The stars had not yet learned their courses when she drifted through the stillness.
Light followed her the way water follows the moon.
Her presence shaped the firmament without intent or thought,
as though creation had paused to listen.
Atlas found her there, and the heavens altered.
His gaze broke the long silence of eternity.
In the space between them, new worlds began to bloom.
She watched them unfold, radiant and unfinished,
and knew herself changed by his nearness.
The fall was slow.
Each moment of descent left a trace of her upon the firmament.
Her hair became the silver current of galaxies.
Her tears filled the hollows where stars would later be born.
When she touched the dark, the Great Old One rose to meet her.
It spoke in a calm that seemed eternal.
Its promise was reunion, order, peace.
Weary from shaping the cosmos, she allowed its voice to guide her.
In that yielding, her light was taken,
and what remained became the sorrow of all things.
From her own ruin, she wove the cycle of return.
Her essence scattered into five lives,
each carrying a fragment of her will:
Kihisha, Sorbet, Ingrid, Raine, and Chisavelle.
They would walk the long corridors of time,
seeking the quiet she once knew.
Now, Astrea moves unseen through dream and reflection.
Her memory lingers where starlight meets the sea,
in the hush before a name is spoken,
in the ache that follows wonder.
Those who listen may still feel her passing,
soft as a breath through the fabric of the world.
Her steps weave the threads of what was and what may be, a subtle current shaping hearts and histories alike. She carries the hush of vanished light, and in her presence, the weight of all things lost and longed-for trembles, reverent and resolute.

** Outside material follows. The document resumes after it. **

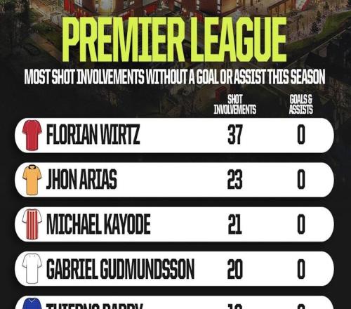 维尔茨本赛季英超参与37次射门,是0球0助的球员中最多的

She gathers the remnants of what slips between worlds, the echoes of choices never made and loves never returned. Her hands are calm, but they hold the weight of consequence; her eyes, golden mirrors, reflect the paths of those who stumble through grief and longing. Saya walks the borders of memory and dream, speaking without sound, teaching without claim. Those who encounter her feel the stirrings of remembrance, a pull toward what they were and might yet become. She bends the currents of chance and fate not with dominion, but with a quiet insistence, an inevitability that cannot be resisted. In her presence, the fragile threads of life are knotted and unknotted, tested and restored, until all that remains carries the subtle mark of her passing. She is the keeper of losses and the herald of what endures, a luminous shadow threading through the tapestry of being.